Будда был размером в два кулака, исцарапанный, но по-прежнему улыбался лунной равнодушной улыбкой. Никто еще ни разу не заказывал у меня тибетские приключения. Интересно, почему? Богатейшая же тема.

— Ну и? — спросил я, равнодушный подобно Будде. — Это что, эквивалент слоников?

— Старый же, — сказал Жора, — видишь, какой старый? Может, немцы из Тибета привезли?

— Ты чего, какие еще немцы?

— Оккупанты. Немцы в Тибет экспедицию за экспедицией отправляли, слыхал? Эта их мистическая разведка, как ее…

— Аненербе?

— Да. Они там место силы искали. Вот, могли же Будду привезти…

— Жорка, — сказал я, — ну что ты гонишь? Какая-нибудь старушка…

— Ну старушка. Ну и что? Может, она в Тибете жила?

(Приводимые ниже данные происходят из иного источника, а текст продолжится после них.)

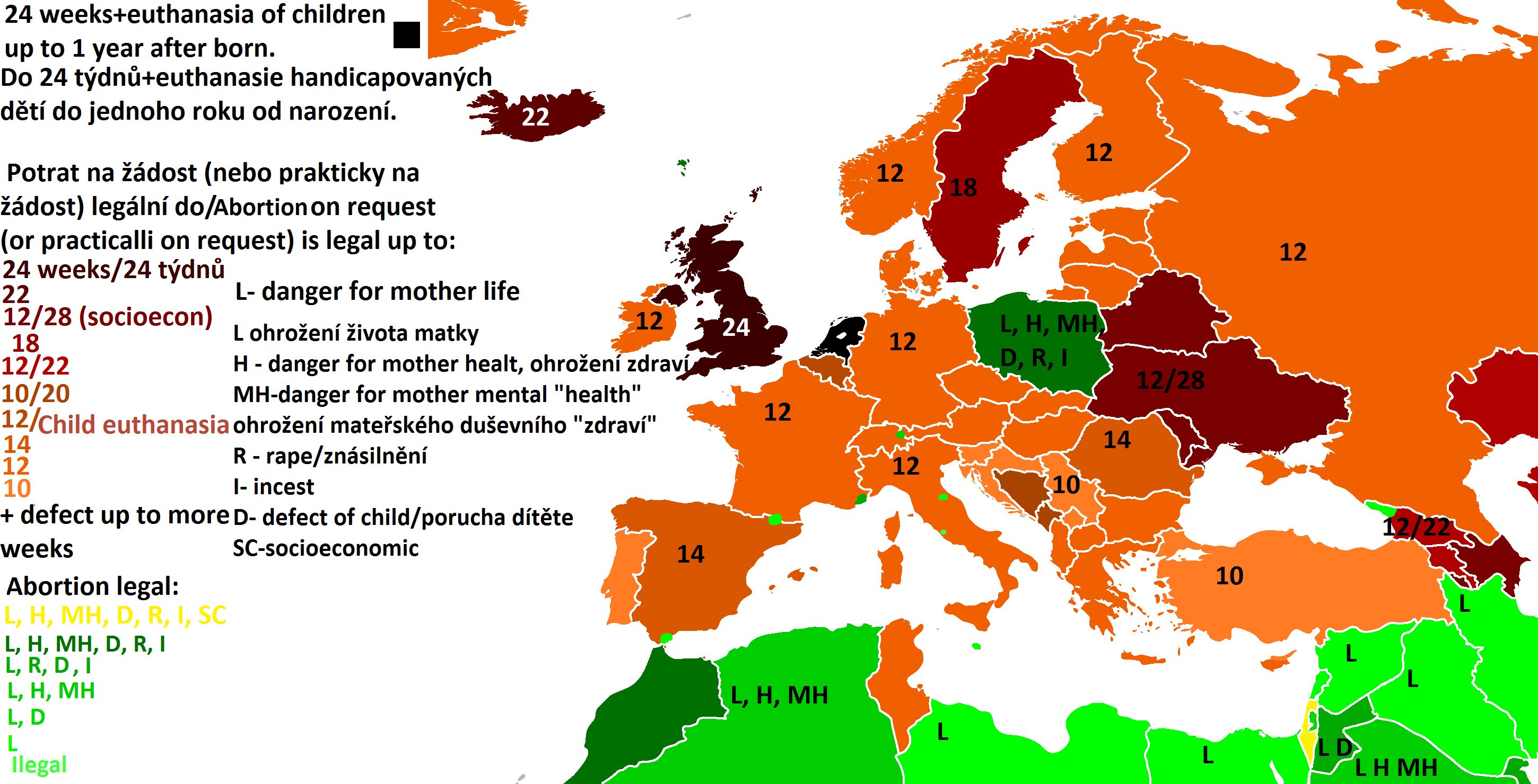 Weeks after conception.
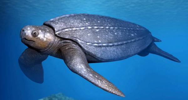 Crop of file in filename
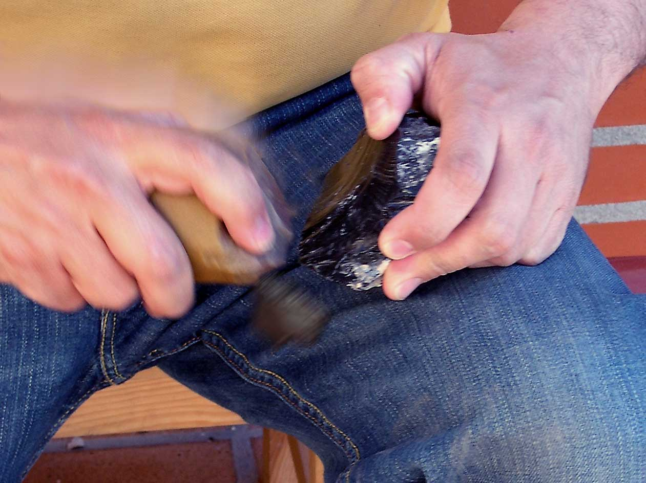 Direct percussion with hammersone, knapping experiment
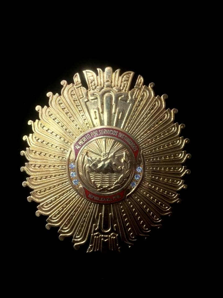 Grand Cross with Diamonds breast star of the Order of Distinguished Services, Republic of Perú
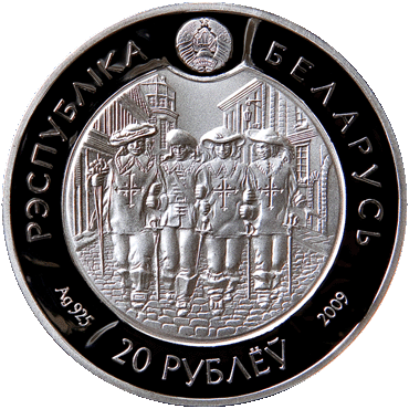 Belarus and the global community. Commemorative coins "Porthos"
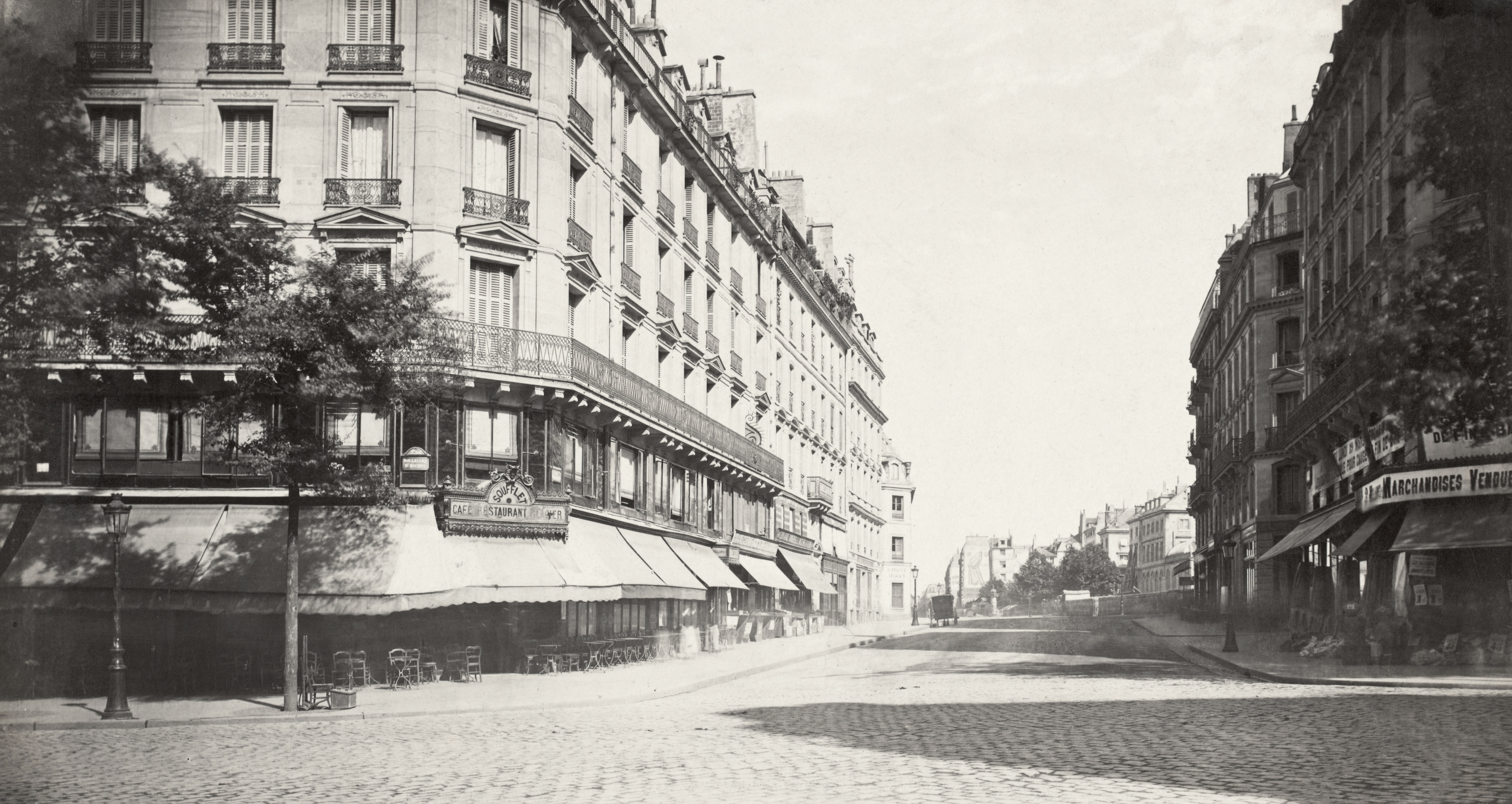 Taken from the Boulevard St. Michel: Looking along cobbled street, multi storey buildings with balconettes on each side of road, Soufflet café restaurant on ground floor on left , chairs and tables along path.

— Да, — сказал я. — И ездила исключительно на белых слониках. Мадам Блаватская ее звали. Ну и сколько ты хочешь за этот предмет чуждого культа?

Жора назвал цену — не маленькую. Сметанкин, впрочем, ее потянет, другое дело, как бы он не подумал, что мы Жоркой в сговоре и я раскручиваю его, Сметанкина, на дополнительные бабки. Поэтому я особенно горячиться не стал.

— Жорка, — сказал я, — вот этого не надо. Вот это ты накрутил раза в полтора где-то. Скинь.

— Да он дороже бы стоил, тут просто клейма нет. Это ж туземная работа, они клейма не ставили.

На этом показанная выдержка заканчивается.